Coleen Rowley nearly drank my beer.
I mean this in a good way.
The DFL-endorsed Second Congressional District candidate reached for my beer because we were both drinking three-quarter-full dark pints. Beyond that there were differences. Hers was still the one she started with before beginning to address the Drinking Liberally group 45 minutes before. Mine was not.
She was intent on our conversation about how the FBi has been transformed by the Bush war on terror from a law enforcement agency to an intelligence agency — and not a very good one — intent on adding hay to the haystack rather than finding the needle. I was listening, but still keeping track of my beer, so I lunged as she reached.
This is not a dignified way to discuss Congressional candidates, but Rowley encourages informality. She clearly has a sharp intellect and the ability to draw quick connections. She brings a certain celebrity. She does not shy from the issues or enage them in the measured, salon-tested language of certain candidates that threaten to send progressives screaming to the Greens.

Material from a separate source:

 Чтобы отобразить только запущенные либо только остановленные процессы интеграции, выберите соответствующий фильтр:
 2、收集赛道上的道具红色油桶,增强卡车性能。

But she also showed in a green soccer mom ensemble that with a little more blue would have passed for a resident's surgical scrubs. She drove herself — with the staffer riding shotgun — in a non-descript red economy car wrapped in campaign signs.

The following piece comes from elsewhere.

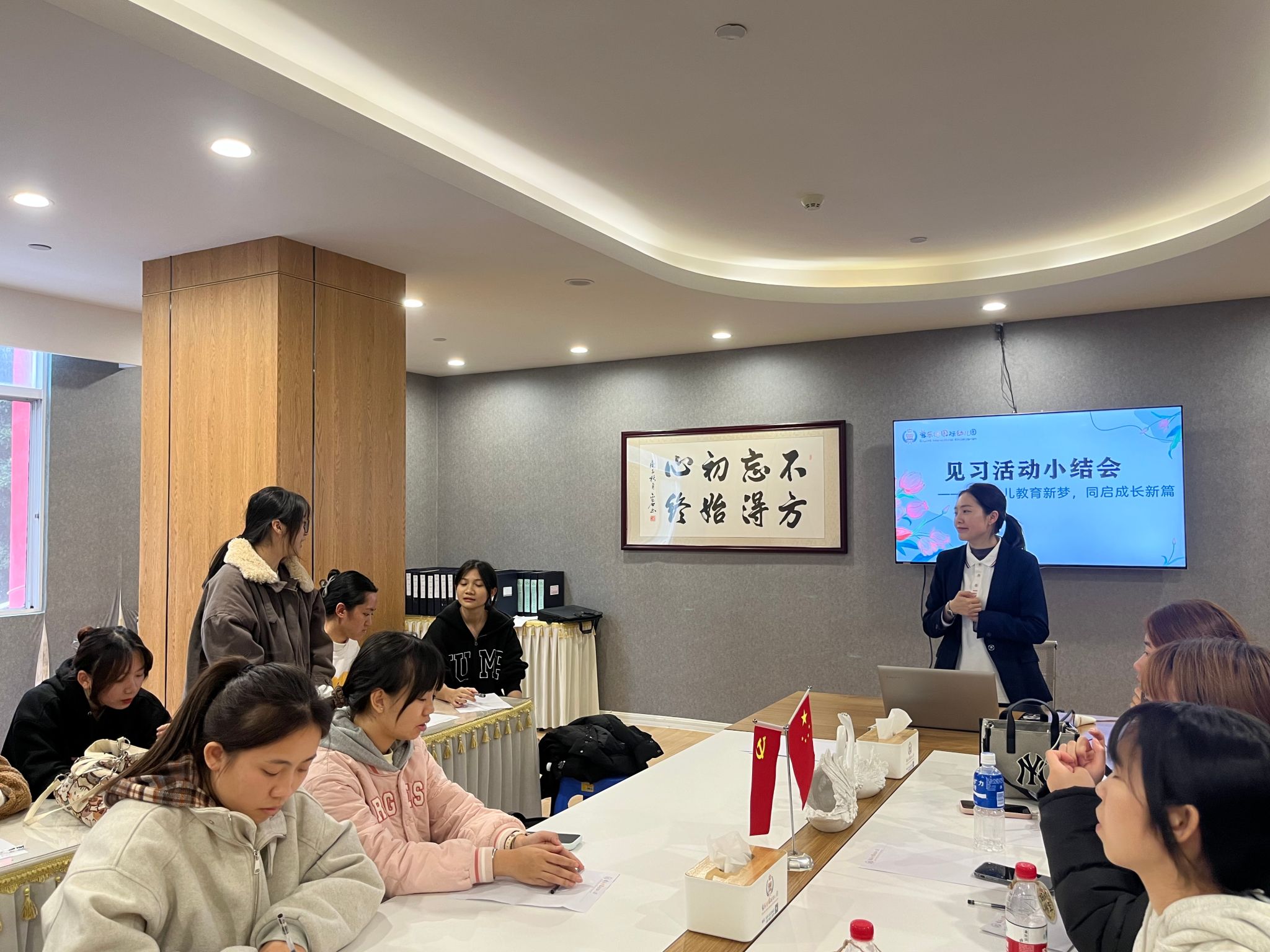 见习结束前,幼儿园组织了简短高效的教育见习小结,以问题为导向进行复盘研究,帮助同学们查找不足,并提出指导意见。

Her opponent, John Kline, will remind you he is a tough, grandfatherly former Marine colonel who used to carry the nuclear football, but will do everything (which means doing nothing) to make voters forget he is one of the most radically right-wing members of Congress. Rowley, with aforementioned staffer, brought a foamcore-backed matrix to prove it — the first visual aid I've seen deployed here.
Candidates are either sales people or educators, Rowley said, and it took only ten seconds to know which camp (or classroom) she came from.

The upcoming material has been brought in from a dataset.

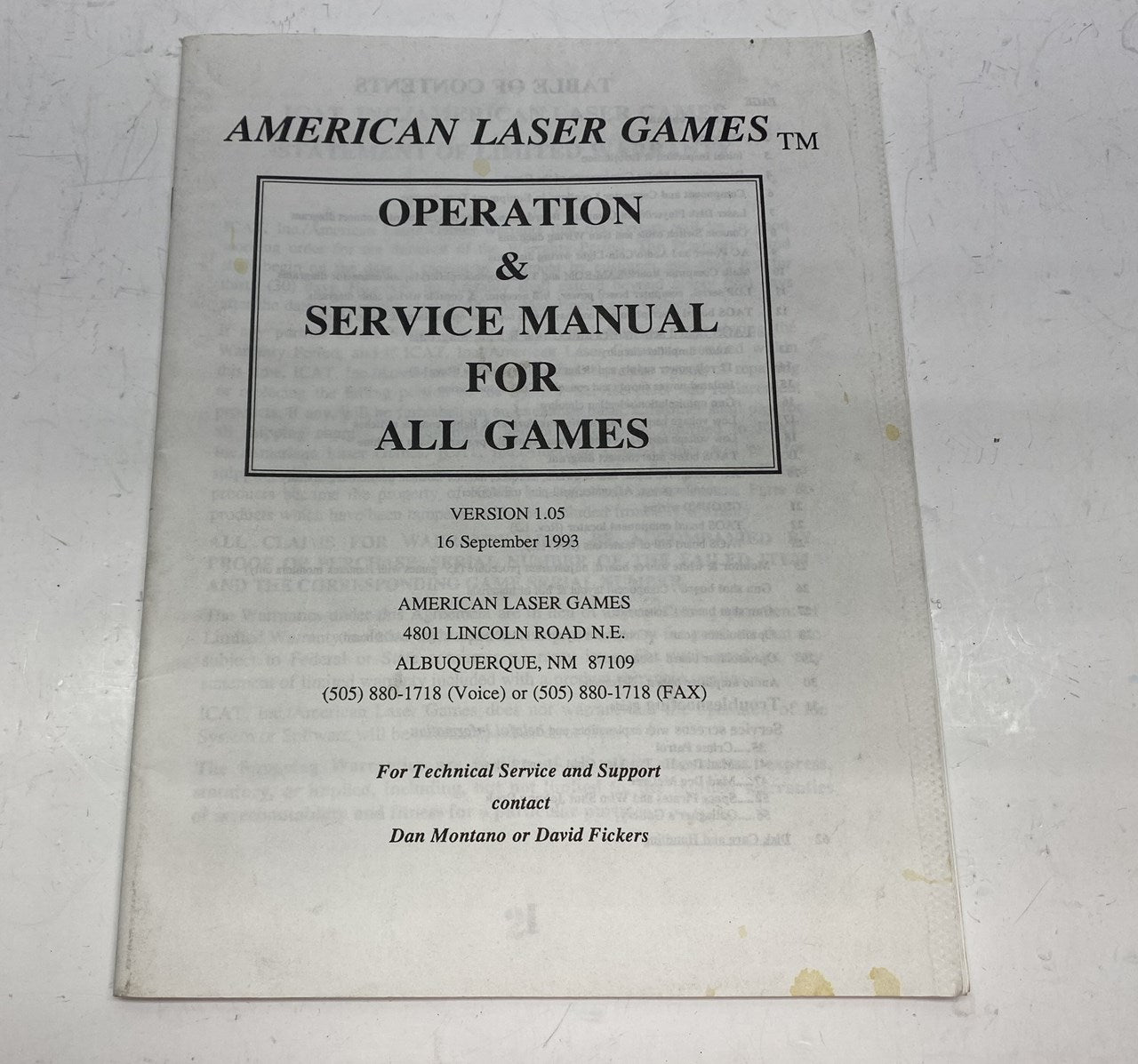 Original American Laser Games arcade game Operation & Service Manual for All Games. This manual is for their laser disc based games such as Mad Dog McCree, Crime Patrol and the Last Bounty Hunter.

You can read candidate's positions on their sites. That is, if they aren't acolytes of the President. You come to DL to take a different measure which, sad to say, campaigning is increasingly about: What kind of person are they?
Politics reduced to a character role. Womanizer. Scofflaw. Lackey. Doofus. Grandfatherly marine colonel who carried the nuclear football. Crazy bitch.
Rowley admitted that she voted for George W. in 2000. Like a number of relatively conservative, play-by-the-rules, work-for-your-country solid citizens, she was persuaded that the greenhorn would be guided by Rumsfeld and Cheney.
Oh, my, was he.
Rowley, the FBI agent, was specially situated to see how right and how wrong that assessment was. And Rowley, the lawyer, Midwesterner and triathlete, changed course.
It's not just who Rowley is that makes her worth taking seriously. It's who she was first. She is no political careerist pretending to be one of the people or loony accidental celebrity thrust on a stage where she has no business performing. She's a smart, decent person with conservative, law-abiding tendencies who got too close to the beast and said: Oh shit.
She has that candidate tendency to talk more than she should. She's intense to a degree that might scare you if you were planning to marry her daughter. And she has sort of sharpness combined with granola folksiness that might work very well as chair of the planning commission or executive director of a non-profit dedicated to energy self-reliance. But the issues have propelled her nationally and the fates have put her up against a quintessential neo-Republican who exemplifies the dangerous nexus of ignorance and incompetence Rowley has labeled the defining characteristic of this administration.
There are words — senatorial and gubernatorial — to describe what the parties stereotypically look for in their candidates. There is no equivalent for the House, but if there were, Rowley would not be it. She is somebody's mom, the debate teacher, the good manager who never made VP, the runner who could probably kick your butt, the neighbor who knows what your kid did when you were gone, the lawyer who packed a loaded gun every day for her country and believed in what she was doing right until the very end when her co-workers thought she was nuts and her superiors wanted her gone.
But perhaps most important of all, she is the person who can enumerate every single one of her opponent's failings and dangerous leanings, and when challenged why she doesn't go after Kline even harder, she quotes Martin Luther King about hating the sin, but not hating the sinner.
And you actually believe this came from the heart of Coleen Rowley, not the trick bag of some campaign consultant.